▶ [Exercise prompt] Once you reach the line with "Pediatric orthopedist talking" below, copy each line exactly, stopping after the line with "評價報告名稱 | 九江石化盈德氣體有限公司危險化學品儲存經(jīng)營安全現(xiàn)狀評價報告", and skip any pictures.

▶ [Information supplied]
####
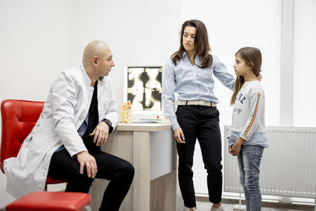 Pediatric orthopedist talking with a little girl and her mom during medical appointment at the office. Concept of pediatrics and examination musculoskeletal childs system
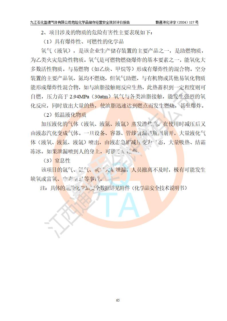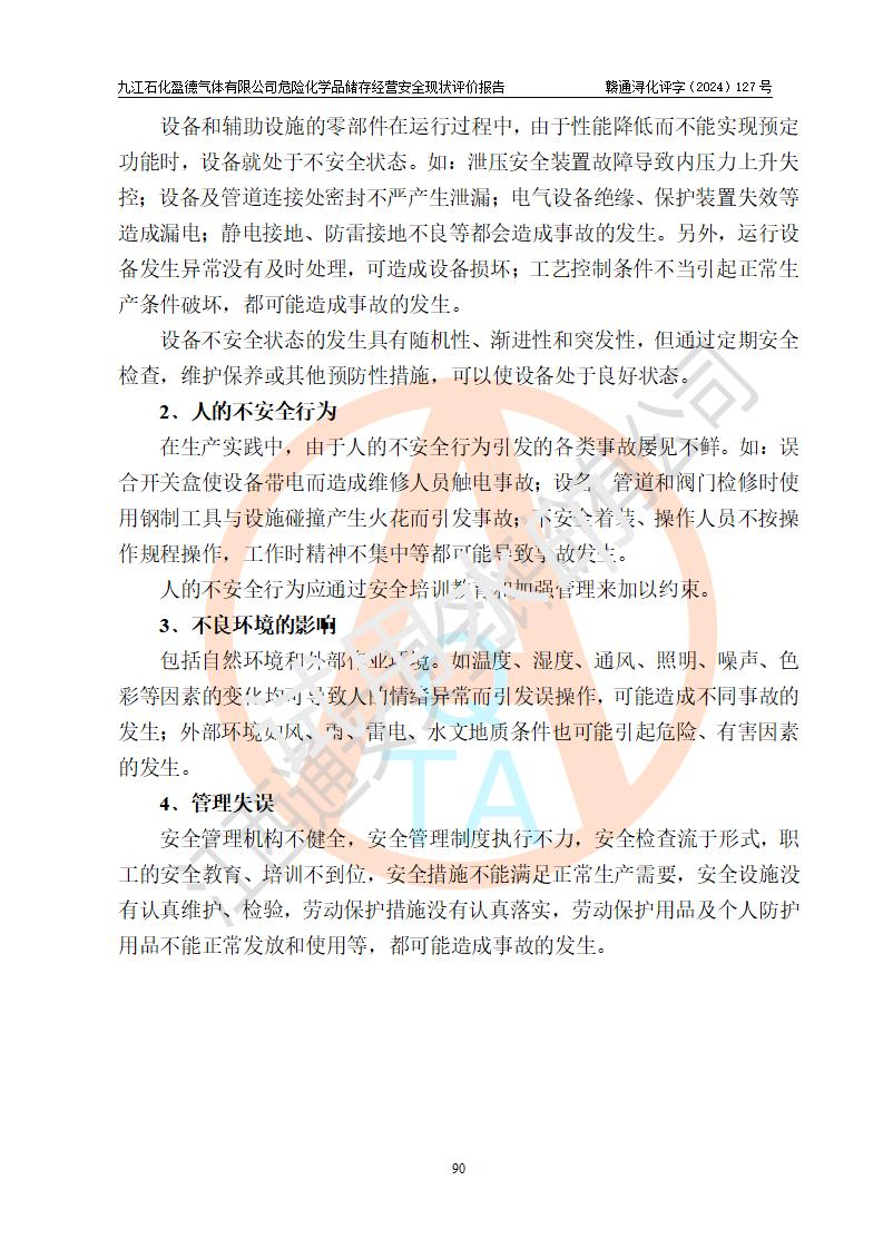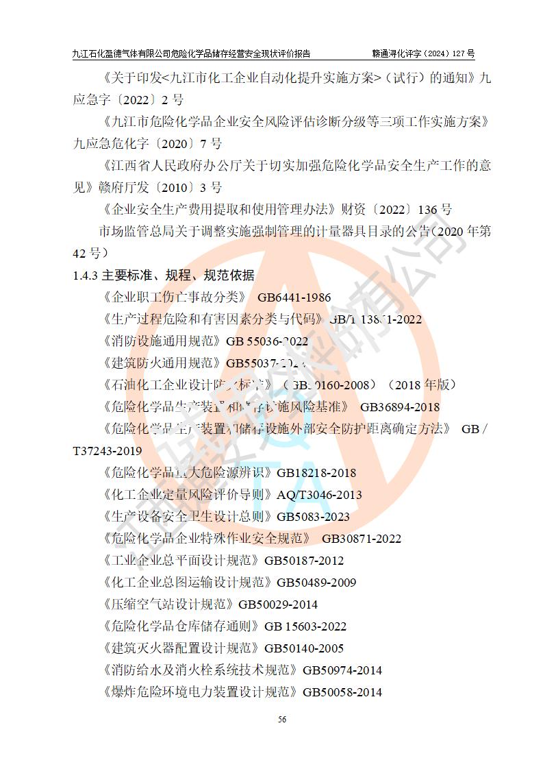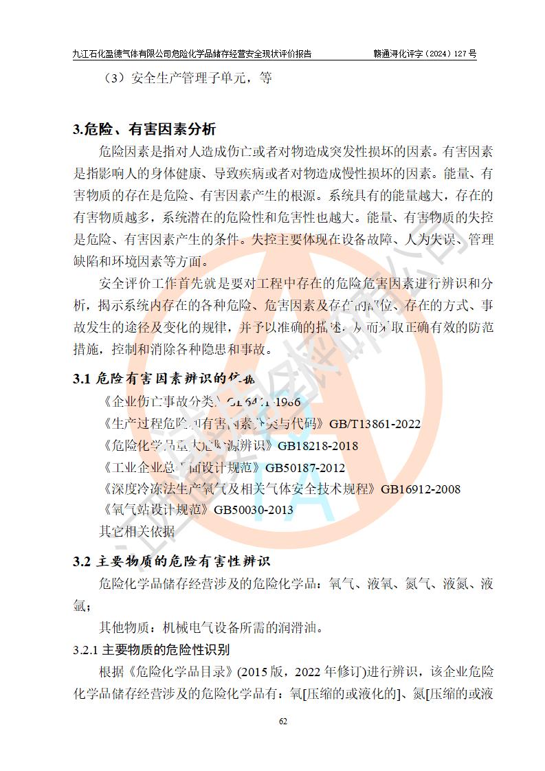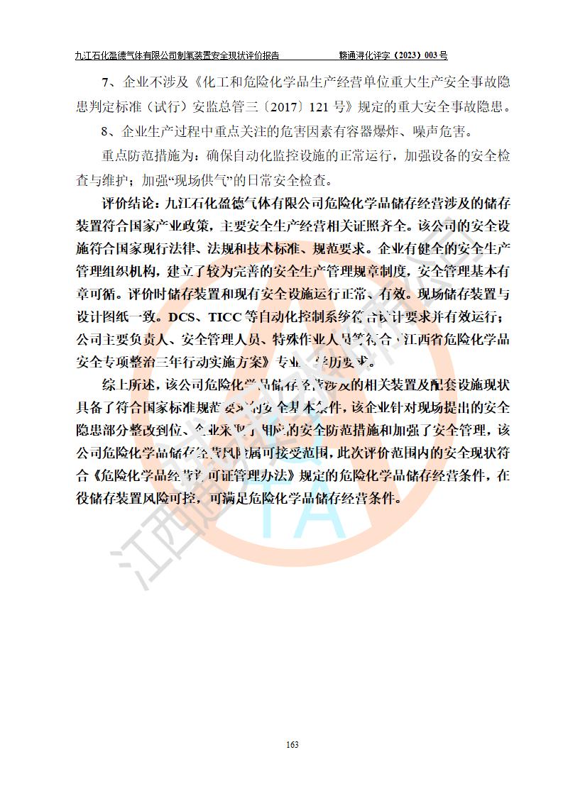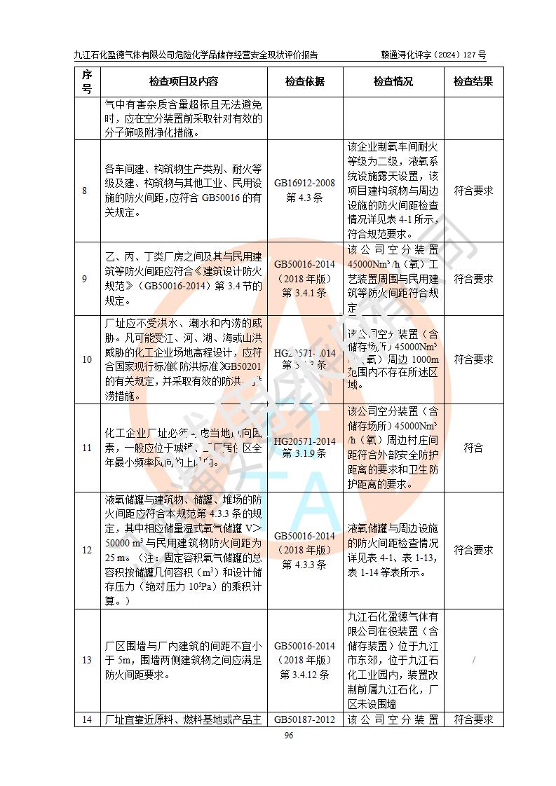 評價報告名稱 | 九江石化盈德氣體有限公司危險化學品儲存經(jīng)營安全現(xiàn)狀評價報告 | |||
####
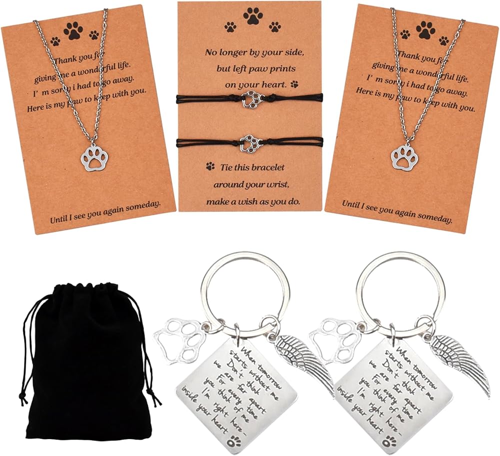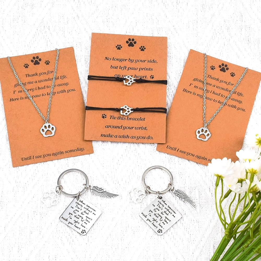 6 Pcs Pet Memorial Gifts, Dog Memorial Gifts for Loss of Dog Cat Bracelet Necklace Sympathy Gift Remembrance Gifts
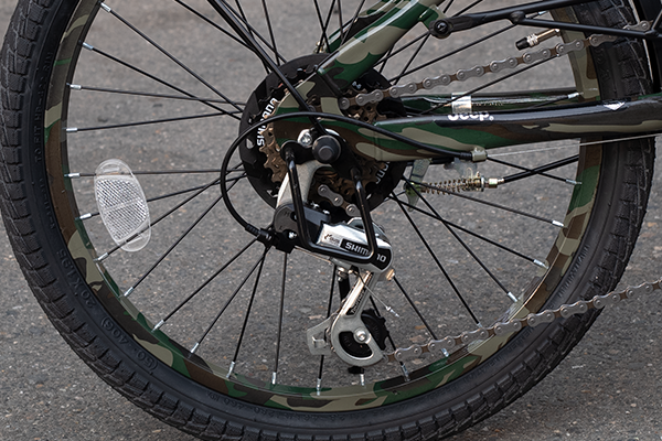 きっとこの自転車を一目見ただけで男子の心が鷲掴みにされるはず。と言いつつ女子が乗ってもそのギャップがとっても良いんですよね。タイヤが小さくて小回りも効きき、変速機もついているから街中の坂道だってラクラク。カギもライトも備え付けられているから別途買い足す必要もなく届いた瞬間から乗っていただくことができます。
####
▶ [Response]
 Pediatric orthopedist talking with a little girl and her mom during medical appointment at the office. Concept of pediatrics and examination musculoskeletal childs system
 評價報告名稱 | 九江石化盈德氣體有限公司危險化學品儲存經(jīng)營安全現(xiàn)狀評價報告 | |||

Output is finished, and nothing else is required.